* [WHAT YOU NEED TO DO]
Using the listing below, set down exactly the lines from the one that contains "Het hart wordt" through the one that contains "Luhe. Am Christkönigssonntag", with no pictures.

* [AVAILABLE RECORDS]
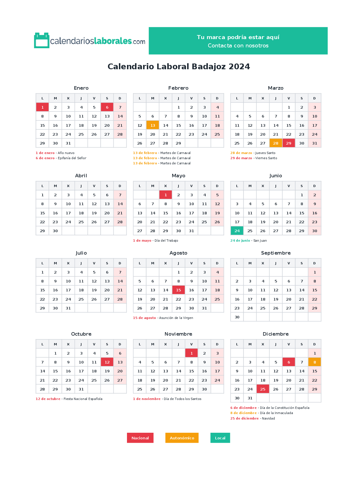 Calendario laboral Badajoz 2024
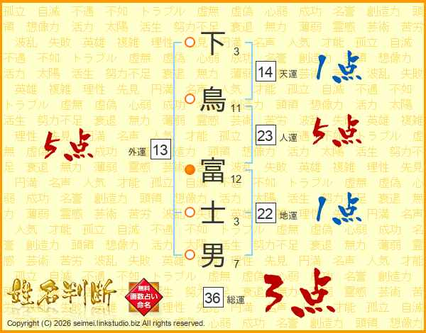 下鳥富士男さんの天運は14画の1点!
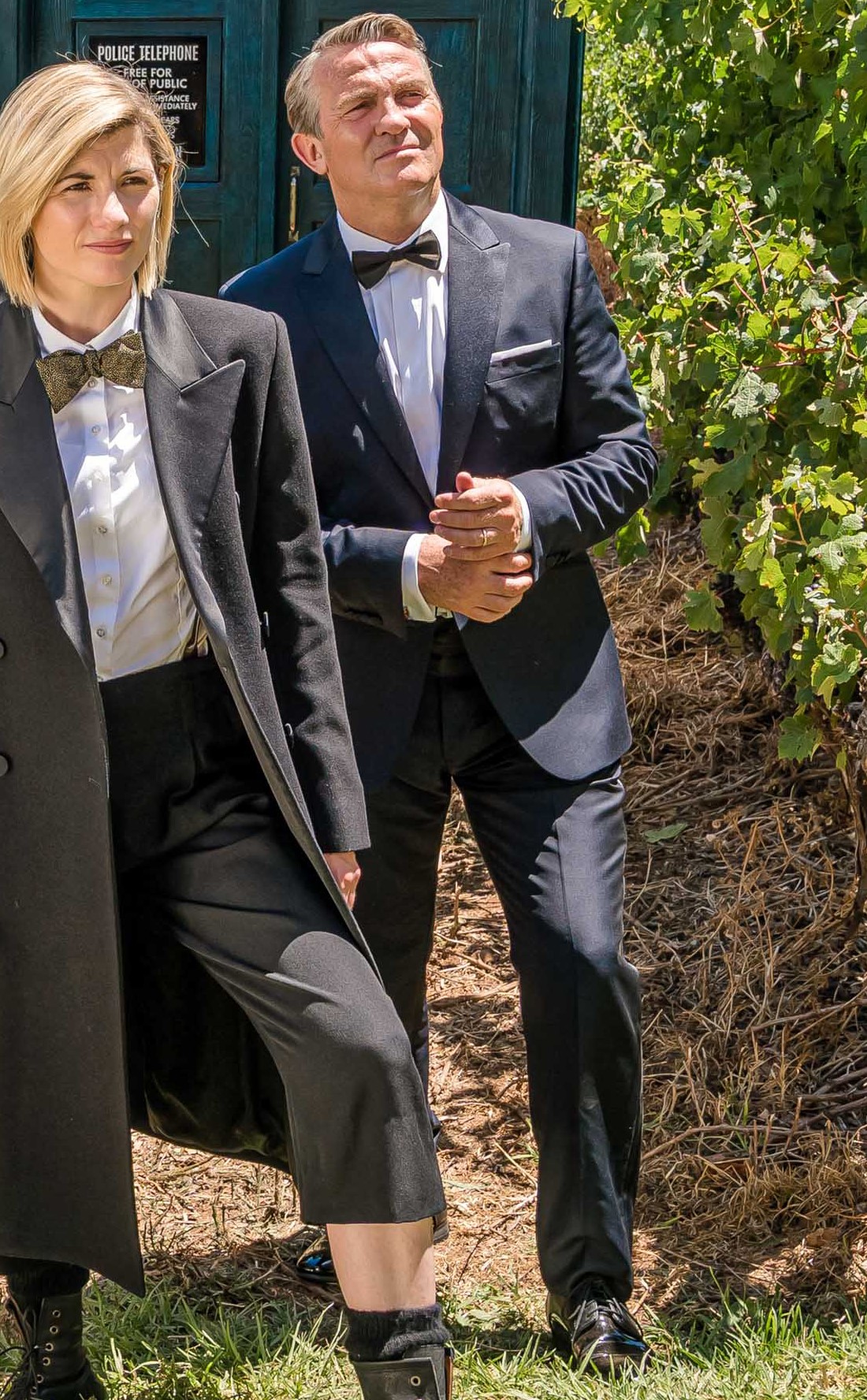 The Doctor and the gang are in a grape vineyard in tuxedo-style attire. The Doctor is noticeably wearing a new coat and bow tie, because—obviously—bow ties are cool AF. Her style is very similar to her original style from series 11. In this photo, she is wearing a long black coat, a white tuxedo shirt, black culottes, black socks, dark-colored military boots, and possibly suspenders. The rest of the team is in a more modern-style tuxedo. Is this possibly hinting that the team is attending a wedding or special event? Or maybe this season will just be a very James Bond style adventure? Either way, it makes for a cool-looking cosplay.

...

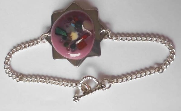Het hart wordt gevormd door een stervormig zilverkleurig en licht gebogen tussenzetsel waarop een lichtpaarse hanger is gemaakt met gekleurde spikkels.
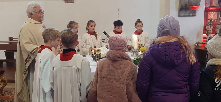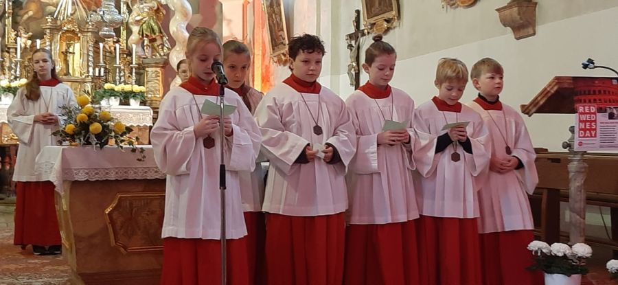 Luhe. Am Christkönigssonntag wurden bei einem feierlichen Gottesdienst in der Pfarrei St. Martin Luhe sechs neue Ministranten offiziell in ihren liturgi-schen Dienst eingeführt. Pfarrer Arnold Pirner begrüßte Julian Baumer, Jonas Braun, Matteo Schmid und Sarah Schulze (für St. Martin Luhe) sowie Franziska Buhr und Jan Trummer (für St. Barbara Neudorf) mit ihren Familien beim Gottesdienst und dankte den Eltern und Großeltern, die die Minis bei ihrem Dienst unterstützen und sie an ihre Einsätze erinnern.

* * *

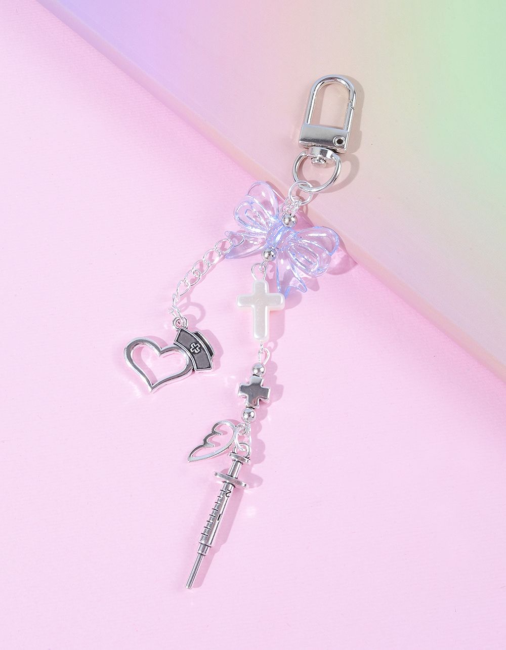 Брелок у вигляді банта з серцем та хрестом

* [FINAL ANSWER]
Het hart wordt gevormd door een stervormig zilverkleurig en licht gebogen tussenzetsel waarop een lichtpaarse hanger is gemaakt met gekleurde spikkels.
 Luhe. Am Christkönigssonntag wurden bei einem feierlichen Gottesdienst in der Pfarrei St. Martin Luhe sechs neue Ministranten offiziell in ihren liturgi-schen Dienst eingeführt. Pfarrer Arnold Pirner begrüßte Julian Baumer, Jonas Braun, Matteo Schmid und Sarah Schulze (für St. Martin Luhe) sowie Franziska Buhr und Jan Trummer (für St. Barbara Neudorf) mit ihren Familien beim Gottesdienst und dankte den Eltern und Großeltern, die die Minis bei ihrem Dienst unterstützen und sie an ihre Einsätze erinnern.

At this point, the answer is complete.